今の昔拾い

初版 2023/06/12 14:21

改訂 2023/06/13 10:37

表紙の写真について一冊目の表紙。
これは私の普段のウォーキングのコースよりも遠い,一山越した隣の砂浜の近くの堤防の護岸壁でちょうど引き潮で露出した海側に降り、その護岸に寄りかかりながらスマホで撮影したものです。
昔の堤防や特に海岸沿いの道路のコンクリートは今のアスファルトのような味気ないグレイや黒や彩色された細かい岩石のクラスタで固められたものではなく、こんなにいろんな種類の石ころがコンクリートに混ぜ合わされ頑強に作られていました。
太平洋の波に洗われ、石たちを巻いていたコンクリートは侵食されてデコボコの石たちが目を覚ましています。


石たちは太古の地球の鳴動から生まれ、あるものは溶け合いあるもの長い地殻の変動や圧力で堆積され、大地の変動や気象の変動、大陸自体の移動で、我々の目の前にあります。火山の熱に耐えられない私はいまだ生まれたての岩石を見たことがありません。
幼いころ石けりに使った石は私よりはるかに長生きしてきたものだったし、水きりの回数を競った平たい砂岩や流紋岩も想像の付かない年寄りです。


人類の過ごしてきた時間は地球上の時間の中では指先についた砂粒程度のものでしょう。
忙しさに自然を振り返ることがなくなっていた私が、そろそろ終活のことも考え始めた今、ようやく自分の足元に光っている赤や緑や黄色や黒の様々な色の重なりを見せるコンクリートに練り込まれた、石たちの個性に目を向けられるようになりました。
少年時代に熱中した蝶の採集、魚釣り、野山に咲く花、過去に生きていた生物のかすかな痕跡である化石の採取 それらにはすべてその時代の自分が同時に見える思い出です。
でも、石は違った。昔からそこにあったのに私はそれを自分とリンクさせるだけの興味がなかったんですね。
コンクリートの歩道や道路、そこにはその時代のガラス片や石のかけらが磨かれて自己主張しています。
それを眺めながら今、山から下りてくる川あちこち、その川の流れが終わる海辺のあちこちを歩き回って、地球そのものの歴史を拾い集めるのは、楽しい。

古生物を中心に動物(想像上のもの)を含め、現代動物までを描くイラストレーターです。
露出度が少ない世界なので、自作の展示と趣味として行っている地元中心の石ころの展示を中心に始めようかと思っています。
海と川が身近にある生活なので気分転換の散歩コースには自然が豊富です。
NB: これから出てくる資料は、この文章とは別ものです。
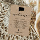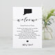 Este cartão moderno e elegante é o símbolo perfeito para as suas bolsas de boas-vindas do hotel. Digite os eventos principais e uma nota personalizada para ajudar seus convidados a navegar no fim de semana.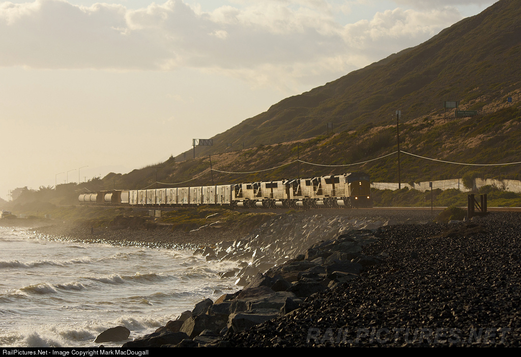 The inbound Guadalupe Hauler hugs the Pacific Coast at sunset behind six SD60 variants.
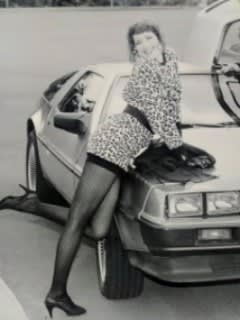 @f00l @Kyeh @therealjrn @unksol This photo was taken a bit before we started dating. It was for a ( humorous) promotional flyer that was sent out to the sales offices of the big tech company where we both worked. The DeLorean she’s leaning on was owned by one of the managers in her marketing department. She even had a company photo ID badge made with this character and the name “Trixie”. (We also have a life-sized poster of this shot.

その分地震があれば根こそぎ持っていかれそうなので自分の作品だけは残そうかとAdobe stockを利用し、実益も図りつつ、引退後の生活を送っております。
追加ですが、
古いものつながりで、音楽についてもLabを交えてCD音源の部屋をつくっています。娘の聴いてるような音楽にも惹かれるものがありますが、ここではクラッシックから近代。現代音楽に散漫なコレクションを雑多に並べていきながら整理していこうかと思っております。走り出してから考える方なので、整理するのに一苦労です。